» WORK TASK
For this exercise, write out only the lines of the entries below from the one with "Green banglori silk" up to and including the one with "[EWQ] 非対称パッチワークデニムベストルーズコントラストボタンポケット装飾ノースリーブジャケット秋潮トップ オータム", exactly as they are. Pictures stay out.

» MATERIAL PROVIDED
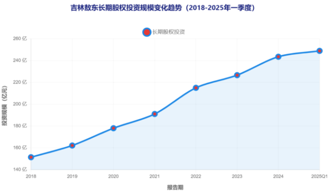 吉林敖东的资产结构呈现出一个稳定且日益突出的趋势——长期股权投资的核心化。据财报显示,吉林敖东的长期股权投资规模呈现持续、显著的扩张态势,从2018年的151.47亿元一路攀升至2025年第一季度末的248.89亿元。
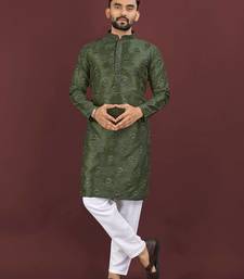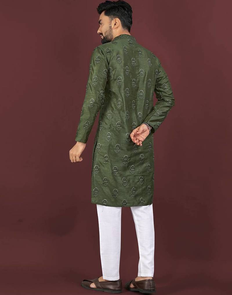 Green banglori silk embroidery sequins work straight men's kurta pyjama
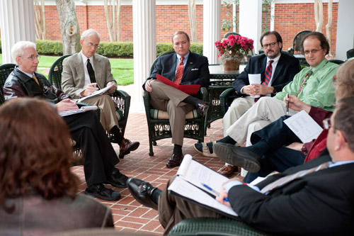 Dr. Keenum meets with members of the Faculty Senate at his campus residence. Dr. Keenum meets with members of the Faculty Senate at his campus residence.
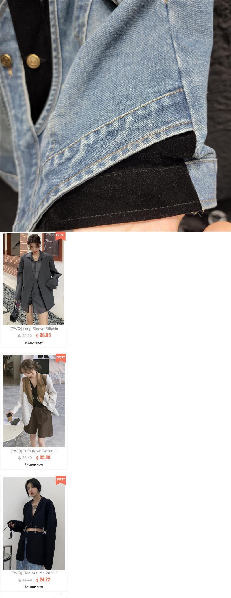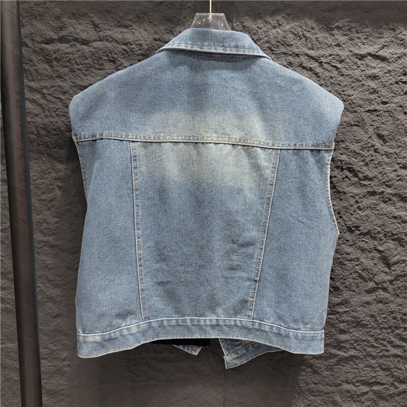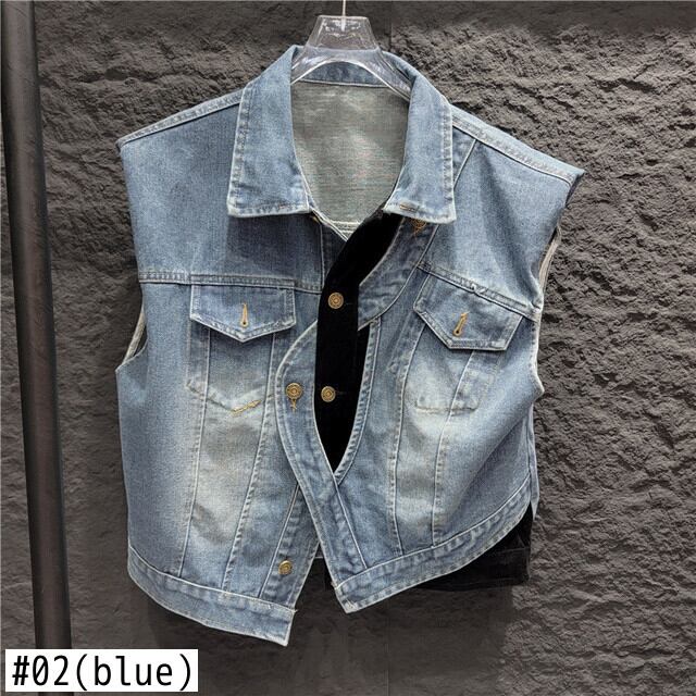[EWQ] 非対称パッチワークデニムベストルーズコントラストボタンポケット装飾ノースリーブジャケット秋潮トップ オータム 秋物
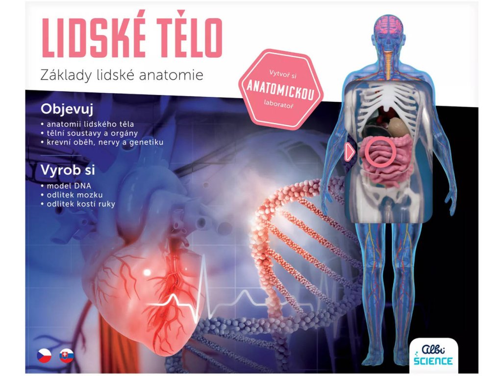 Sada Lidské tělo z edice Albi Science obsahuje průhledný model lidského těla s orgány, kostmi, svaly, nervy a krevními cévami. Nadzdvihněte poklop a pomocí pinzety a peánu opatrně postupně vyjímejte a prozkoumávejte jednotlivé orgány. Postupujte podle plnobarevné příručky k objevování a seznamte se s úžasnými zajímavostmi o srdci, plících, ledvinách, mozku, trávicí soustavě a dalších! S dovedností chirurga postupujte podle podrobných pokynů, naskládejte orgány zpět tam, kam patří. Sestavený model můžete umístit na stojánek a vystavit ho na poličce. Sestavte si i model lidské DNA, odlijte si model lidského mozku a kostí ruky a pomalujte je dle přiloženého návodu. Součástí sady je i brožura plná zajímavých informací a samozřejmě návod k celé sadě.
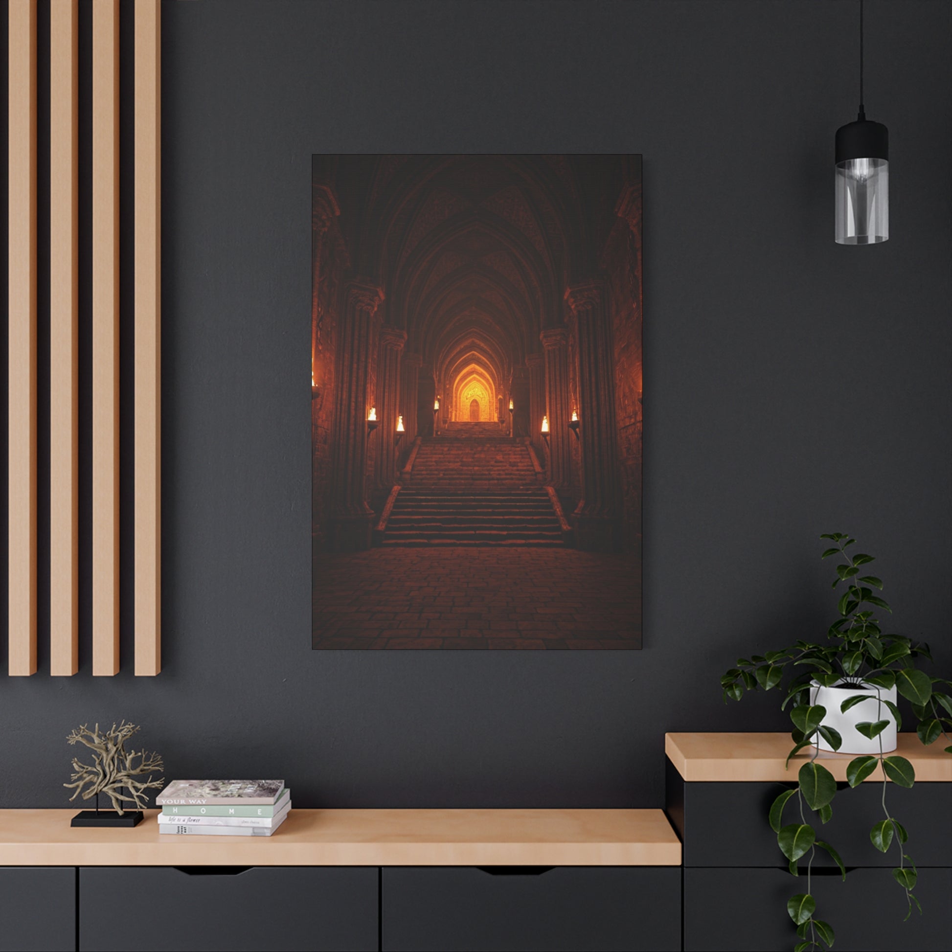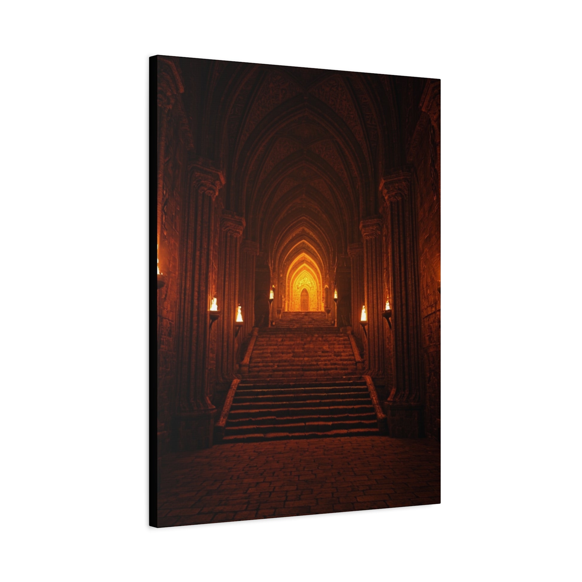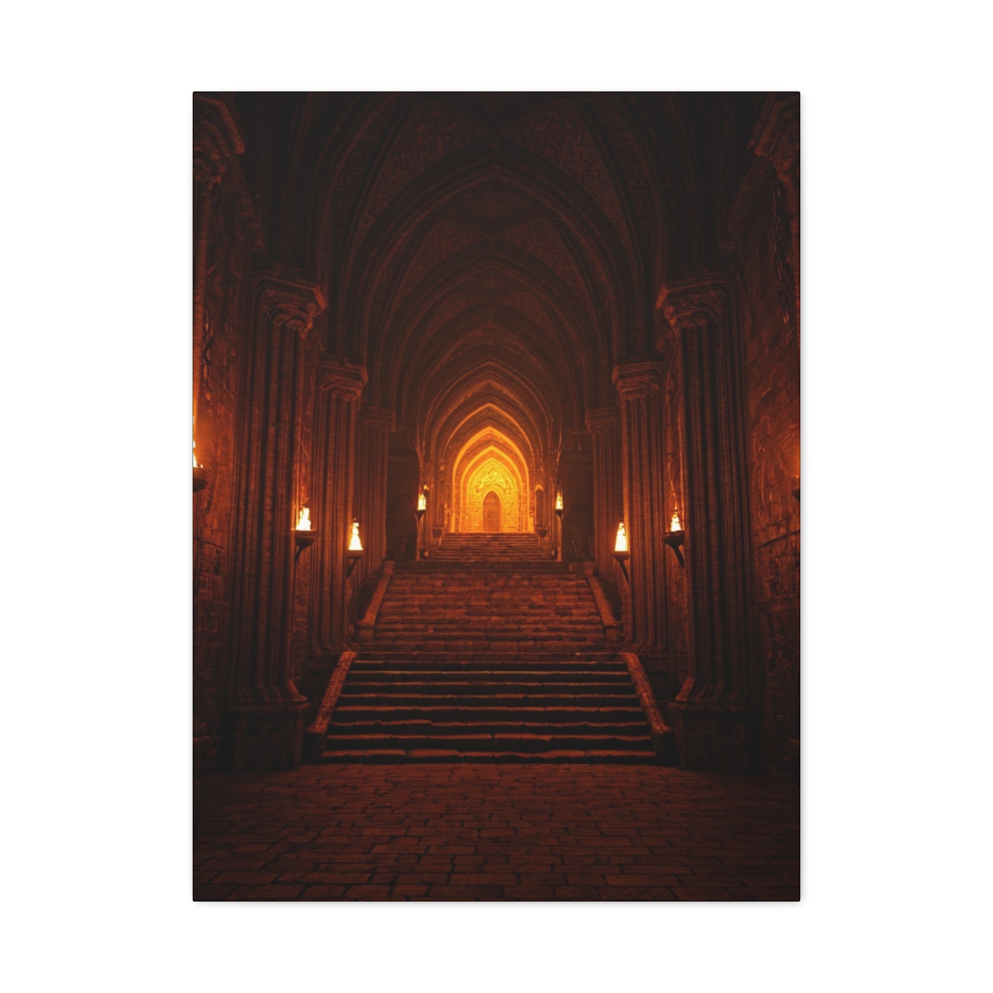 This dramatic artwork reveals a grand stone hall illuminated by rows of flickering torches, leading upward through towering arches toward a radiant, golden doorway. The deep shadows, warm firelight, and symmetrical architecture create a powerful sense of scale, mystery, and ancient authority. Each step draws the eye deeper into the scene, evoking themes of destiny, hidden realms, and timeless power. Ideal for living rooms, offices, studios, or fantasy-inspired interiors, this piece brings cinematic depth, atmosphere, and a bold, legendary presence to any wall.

» YOUR SOLUTION
 Green banglori silk embroidery sequins work straight men's kurta pyjama
 Dr. Keenum meets with members of the Faculty Senate at his campus residence. Dr. Keenum meets with members of the Faculty Senate at his campus residence.
[EWQ] 非対称パッチワークデニムベストルーズコントラストボタンポケット装飾ノースリーブジャケット秋潮トップ オータム 秋物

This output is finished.